Basic Science Research
The Department of Surgery’s research contributes to progress in the surgical field.
Investigative research into the mysteries of how the body functions leads to greater understanding of the interdependency of all medical disciplines.
Heart Valve Research
Historically, the main activities of the Heart Valve Laboratory have been the study the structure and function relationship of heart valve tissues.
Previous approaches to studying heart valve biomechanics have included:
- Selective enzymatic digestion and biomechanical testing
- Materials testing and constitutive modeling
- Histologic and electron microscopy
New areas of investigation have built upon this basic understanding of valve function. The group has explored computational modeling as a tool for the study of soft tissue biomechanics, and tissue engineering as a means of fabricating the complex biological structures directly in the laboratory.
Also notable has been the work towards developing tissue-engineered heart valves, using the biological materials found in the natural tissues — elastin, collagen and glycosaminoglycans. These molecules can be synthesized by cells in culture or purified from tissues, then manipulated to mimic the normal structural framework of the aortic valve. This approach is particularly relevant to connective tissues that have limited ability for self-repair, like the cardiac valves.
Organs derived from pigs (xenografts) represent a solution to the severe organ shortage that currently plagues human organ transplantation. The Xenotransplantation Laboratory, led by Mary Kearns-Jonker, PhD, is studying the immunology of xenograft rejection and the application of gene therapy to induce transplantation tolerance.

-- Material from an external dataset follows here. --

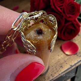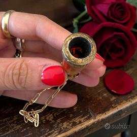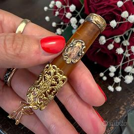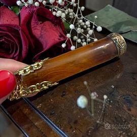 Non è il fumo a restare. È il gesto. C’è qualcosa di estremamente preciso nel modo in cui veniva portato alle labbra: lento, misurato, quasi teatrale. Questo bocchino non nasce per necessità, ma per stile. Per distanza. Per presenza. Realizzato in materia naturale (corno) con quella tonalità calda e viva che cambia leggermente alla luce, conserva tutta la profondità materica degli oggetti organici: non è mai identico a sé stesso, e proprio per questo non è replicabile. Le montature in metallo dorato, lavorate con motivi floreali e sinuosi, incorniciano la forma senza appesantirla. Non dominano: accompagnano. Come un dettaglio pensato per essere notato solo da chi sa guardare davvero. Al centro, una piccola placchetta con monogramma inciso. Non decorazione, ma firma. Qualcuno lo ha scelto, lo ha reso proprio, lo ha portato con sé. Una donna. All’interno, il tempo ha lasciato una traccia discreta. Non disturba. Anzi, conferma. Questo non è un oggetto da esporre soltanto. È un oggetto che suggerisce un modo di stare al mondo. E a guardarlo bene, viene spontaneo chiedersi: chi lo teneva tra le dita… e in quale momento preciso della giornata lo faceva? E cosa ha provato quando successivamente lo ha trasformato in gioiello con l’applicazione della catenella? * Oggetto: bocchino per sigaretta * Epoca: fine ‘800 – primi ‘900 * Materiale corpo: corno prob. * Materiale montature: metallo dorato * Dettagli: placchetta centrale con monogramma inciso * Condizioni: buone, con segni coerenti con l’epoca e uso interno visibile * Catena: presente (successiva o adattata)

Ongoing research projects include:
- Analysis of immunoglobulin genes used by organ recipients to target transplanted xenografts
- Analysis of the molecular structure of xenoantibody-antigen binding, making use of site-directed mutagenesis and computer modeling
- Development of treatment strategies to prevent graft rejection, including the application of anti-idiotypic antibodies and small molecular inhibitors designed to specifically target the xenoantibody binding site
- The application of gene therapy to induce transplant tolerance
Mesenchymal Stem Cells in Autograft Fibrosis
Chronic rejection is a serious complication of organ transplantation, even in the presence of immunosuppression. Chronic rejection typically results in fibrosis of the graft — the laying down of excess extra cellular matrix until the organ becomes dysfunctional. Despite the widely appreciated magnitude of the problem and the numerous research efforts to control it, effective therapies to control allograft fibrosis are lacking. Fibroblasts are the sole cell type that forms the scar tissue that eventually leads to the dysfunction of the transplanted organs. The mechanisms that control the recruitment, differentiation and proliferation of intragraft fibroblasts are poorly understood. Recent data have suggested that proliferating intragraft fibroblasts are derived from transplant recipients. New findings indicate that mesenchymal stem cells (MSC) play an important role in the development of allograft fibrosis. The long-term goals of the research program are to apply genetic and cellular therapies for chronic rejection of solid organ transplants.